When we move, the fluid inside the semicircular inner ear channels get displaced; this motion vibrates the cilia. This vibration causes an electric signal to generate in the cells. This electrical signal is then transmitted to the cerebellum; received information gets evaluated instantly in the cerebellum. This system is created to function autonomously without our will and control. When this system is impaired, balance disorders occur, such as dizziness.
Information regarding our position in the environment and the relative status of the environment according to us is sent to the cerebellum and brainstem via our visual senses.
Proprioceptive senses are formed via the activities of tension receptors built in muscle fibers, tendons and joint capsules. These are sensitive to motions and positions. These receptors regularly provide information to the central nervous system. The cerebellum receives information from all the muscles and joints of the body, including the eyes. These inputs are analyzed very promptly at the cerebellum, and the relative gravitational position of the body is finely calculated, thus the proper motions of muscles are determined. The resulting response is relayed towards muscles by nerves. These events take place in a time frame that does not even last for a hundredth of a second. We easily walk, run, and do complicated moves without feeling any of these activities happening inside us. Yet the calculations taking place in our body even for a single moment of those movements can fill thousands of pages.

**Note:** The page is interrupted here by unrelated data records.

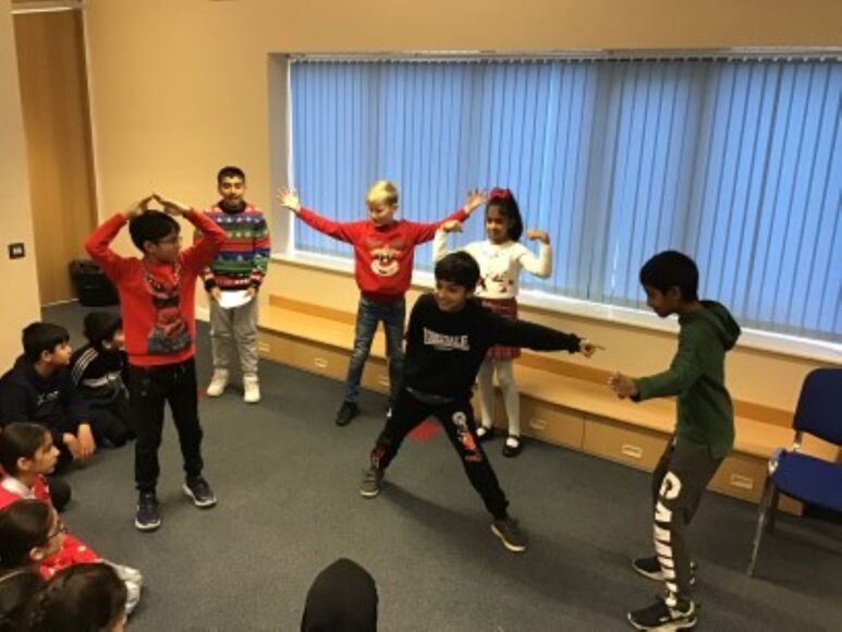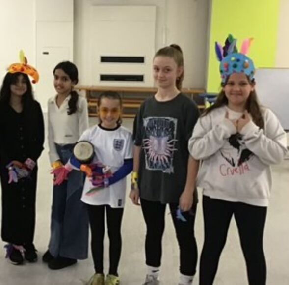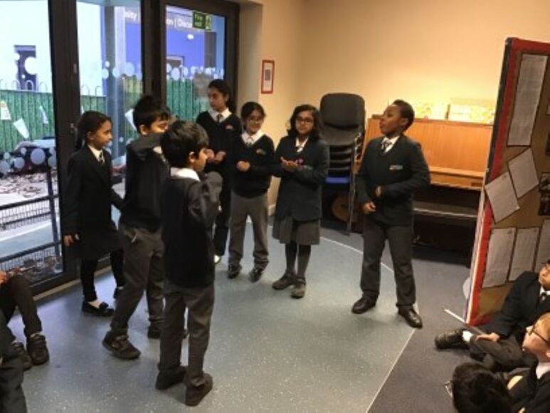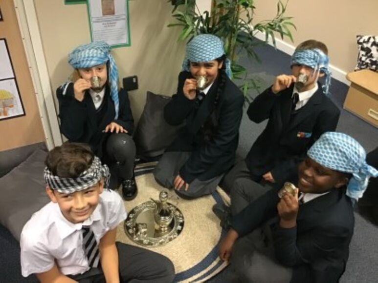 As part of year 5's high stakes project, children put together an exhibition to showcase their work to the whole school. The Islamic Civilisation Exhibition had a variety of work that Year 5 had created over the term as well as an experience zone where children from other Year groups got to dress up as a caliph and sip 'Gahwa' and mint tea while listening to Arabic melodies. They also got to scribe their name using their names in Arabic using decorative handwriting- calligraphy. They also showcased a time line using freeze frame to explain the rise and fall of Baghdad.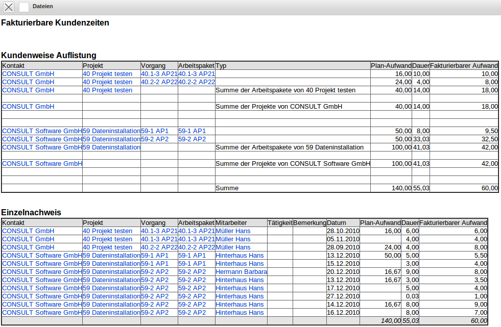 Fakturierbare Kundenzeiten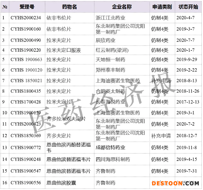 目前,還有許多廠商對(duì)替諾福韋二吡呋酯片仿制4類(lèi)進(jìn)入最后階段,北京百奧藥業(yè)、蘇州東瑞制藥、蘇州弘森藥業(yè)、深圳科興生物、重慶藥友制藥、山東新時(shí)代藥業(yè)、江西青峰藥業(yè)、湖南千金湘江藥業(yè)、白云山制藥總廠等9家的替諾福韋二吡呋酯片在審評(píng)審批中(在藥審中心)。
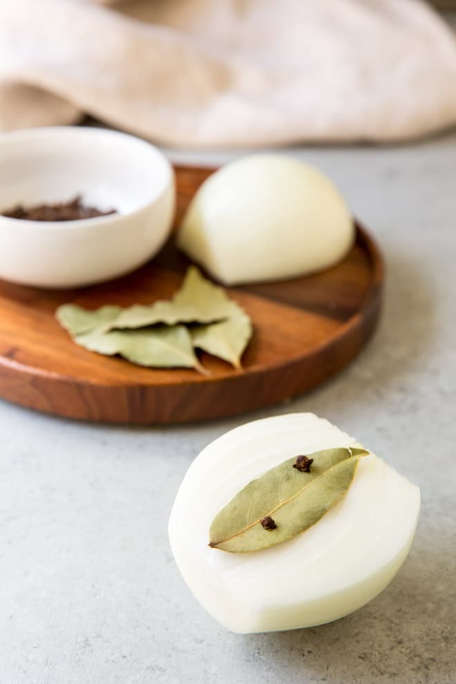 - The Boil: Place the onion and cloves in a small pot with 2 cups of water. Bring to a rolling boil.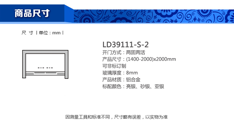 淋浴房LD39111-S-2(1400-2000)x2000mm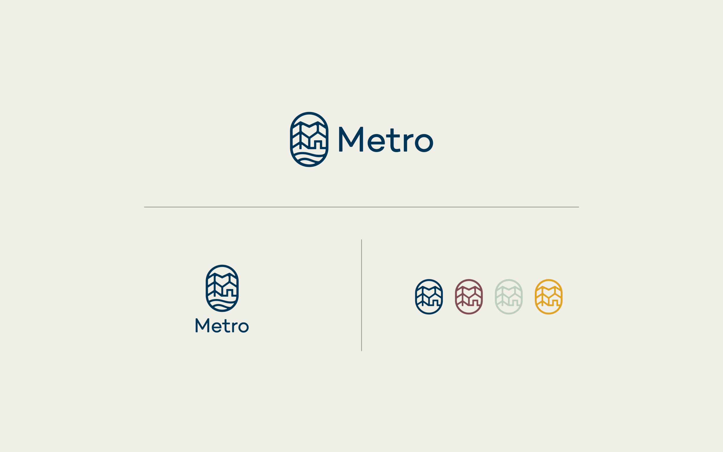 Metro is the nation’s only elected regional government, serving the greater Portland area. Their work spans urban growth planning, waste and recycling services, public spaces, and stewardship of places like Metro Parks and the Oregon Zoo, all with the goal of making the region a sustainable place to live. I joined the project during logo development, supporting the creation of a brand system that could represent Metro’s broad scope while remaining clear, welcoming, and civic-minded.

To understand the fascinating side of our ordinary movements, let's consider a person climbing up the stairs. First, the eyes scan the surroundings, then the three dimensional information of positions acquired from the materials and belongings in the environment are transmitted to the brain. Once received, the information is analyzed and the necessary commands are sent to the target organ from the motor centers of the brain. Commands passing through related tracks and centers finally arrive at the musculoskeletal system. Many factors, like the height of stair steps, length and depth of the foot step, center of gravity and position of the body, are calculated and determined almost instantly.
Proprioceptive signals constantly report the positions of organs, like the arms and legs, to the command center. Inner ear receptors are in charge of the prompt transmission of information necessary for balance, like motion, speed, and direction of the body. These inputs are calculated in milliseconds at corresponding centers in order to maintain the coordination and harmony of the entire body. A person who is running up the stairs may think to jump a couple of stairs. This change of command is rerouted to the locomotor system as a new and different command from the brain. All of these processes are completed in centiseconds. In the mean time, the head, shoulders, and arms are employed for rhythmic oscillations in order to adapt to the overall body momentum.
In conclusion, standing and walking are miraculous and take place via thousands of interrelated activities. Nonetheless, we usually do not notice any of the thousands of processes that are constantly taking place. One hopes that every blessing we have is seen through the window of thanksgiving and appreciation.
Kemal Serce is a professor of veterinary medicine in Bursa, Turkey.